Childless women are the most productive staff of all, study finds
Neuroscience

Childless women are the most productive staff of all, study finds


An investigation into the impact of having children on the productivity of male and female lawyers has found that childless women get the most work done - more than childless male lawyers and lawyers of either gender who have children.

Jean Wallace and Marisa Young studied how many hours 670 lawyers in Alberta, Canada, had billed their clients in the past year. As well as identifying the superior productivity of childless women, they also found that having children impacts the productivity of men and women in different ways.

Male lawyers with children were actually more productive than their childless male counterparts. This is consistent with the dominant cultural view of men as breadwinners, such that those with greater family responsibilities put in more hours to earn more money. By contrast, female lawyers with children were less productive than their childless female colleagues.

Further analysis showed that female lawyers with children usually had to juggle professional and domestic responsibilities because they tended to be married to a partner who also worked. On the other hand, male lawyers with children were likely to have a partner who did not work, and who was therefore able to take responsibility for domestic duties.

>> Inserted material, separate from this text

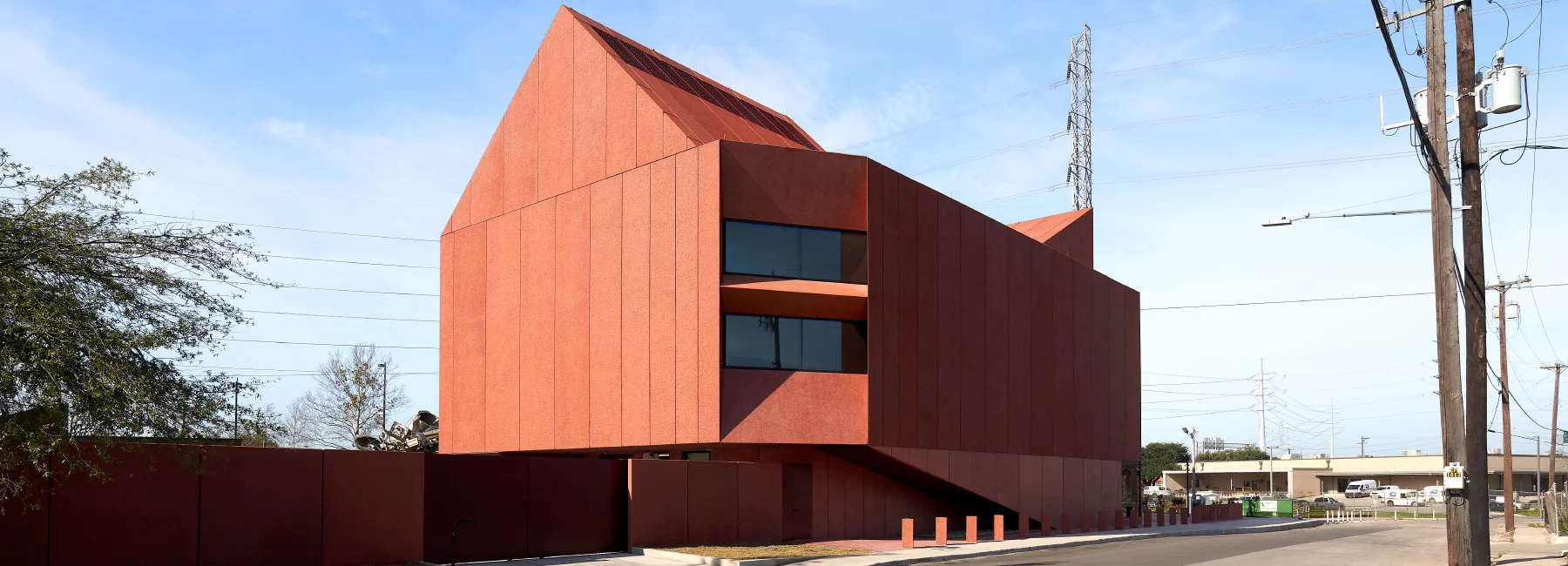 루비를 형상화하는 외형적 특징은 멕시코에서 제조된 프리캐스트 콘크리트로 구현됩니다. 강렬한 레드컬러의 콘크리트 물성은 사람들이 직접 손이 닿는 저층부에서 전체 건물 이미지를 나타내는 상층부를 따라 다른 질감으로 표현됩니다. 매끄러운 질감에서 거친 질감으로 달라집니다.

Wallace and Young said another unexpected finding was that family-friendly organisational work practices had a negative effect on the productivity of male staff but not female staff. Moreover, the sexes used the benefit of flexible hours differently - professional fathers spent the time pursuing leisure activities, whereas for professional mothers this time was spent largely on domestic duties. It seems the old adage 'a woman's work is never done' still rings true in the twenty-first century.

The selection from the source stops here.